Hi
I'm very new to this lncRNA things. I'm using HISAT2, STRINGTIE and BALLGOWN pipeline for differential expression analysis.
If I'm only looking for lncRNA's, I will use the lncRNA annotation from Gencode lncRNA's [ftp://ftp.sanger.ac.uk/pub/gencode/Gencode_human/release_24/gencode.v24.long_noncoding_RNAs.gtf.gz]
First Question:
For eg: from this paper [https://www.nature.com/articles/nprot.2016.095]
Hisat2 command: Map the reads for each sample to the reference genome
hisat2 -p 8 --dta -x chrX_data/indexes/chrX_tran -1 chrX_data/samples/ERR188044_chrX_1.fastq.gz -2 chrX_data/samples/ERR188044_chrX_2.fastq.gz -S ERR188044_chrX.sam
Stringtie command: Assemble transcripts for each sample
stringtie -p 8 -G chrX_data/genes/chrX.gtf -o ERR188044_chrX.gtf –l ERR188044 ERR188044_chrX.bam
In which step I need to use the above gtf file (lncRNA annotation from Gencode lncRNA's) [ftp://ftp.sanger.ac.uk/pub/gencode/Gencode_human/release_24/gencode.v24.long_noncoding_RNAs.gtf.gz]
In Hisat2 or Strigtie step?
Second question:
If I want to get both protein coding RNAs and lncRNA's which gtf file should I use from Gencode [http://www.gencodegenes.org/releases/current.html] ?
In this way after differential expression analysis I will be having both differentially expressed protein coding RNA's and lncRNA's.

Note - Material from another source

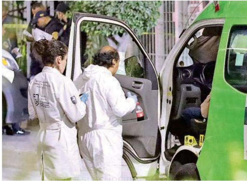
Pese al oportuno arribo de paramédicos de la Cruz Roja, la víctima murió casi de manera inmediata.

How can I filter only lncRNA's from them?
It would be very helpful if you could clear my doubts. Thank you.
No I am also looking for novel lncRnas. Just to know how the command should be given if I need to use gtf file with hisat2?
If you're looking for novel lncRNAs then you'll need the GTF for both (unless you built the hisat index with it, in which case you only need it with stringTie).
You mean for hisat2 I need to create index files of Grch38 and the gtf file will be used for stringtie. Am I right ? How can I create index files?
I'll try this one last time. Your options are below:
--splice-sites
option, providing the aforementioned splice sites from the GTF file (again, see the hisat2 documentation).Regardless, you'll need to use the GTF file with stringTie.
Got it. Thankyou!! Could you also answer my second question which is mentioned above please.
Use one of the "comprehensive gene annotation" files (either PRI or CHR, depending on which genome you downloaded). Don't use the ALL regions GTF or fasta file (I prefer PRI).
Ok but how can I detect differential expressed lncRnas if the gtf file is with pcRna and lncRnas?
For that analysis only do the quantification with the lncRNAs. Only use stringTie to find novel genes, not to quantify them.
Hi Devon,
In this paper [https://www.nature.com/articles/ncomms14421] please check Figure A: After transcript assembly and merging they examined how the transcripts compare with the reference annotation. So for this I should Genecode annotation gtf file which I will be using for stringtie. From this we can assign pc and lncRNAs. Unannotated genes will be used for detecting novel lncRNAs. Am I right? In my case as I'm using Hisat2 and Stringtie pipeline I will use gffcompare [which is mentioned in the paper https://www.nature.com/articles/nprot.2016.095].
Sounds correct, I don't have time at the moment to thoroughly go through that paper.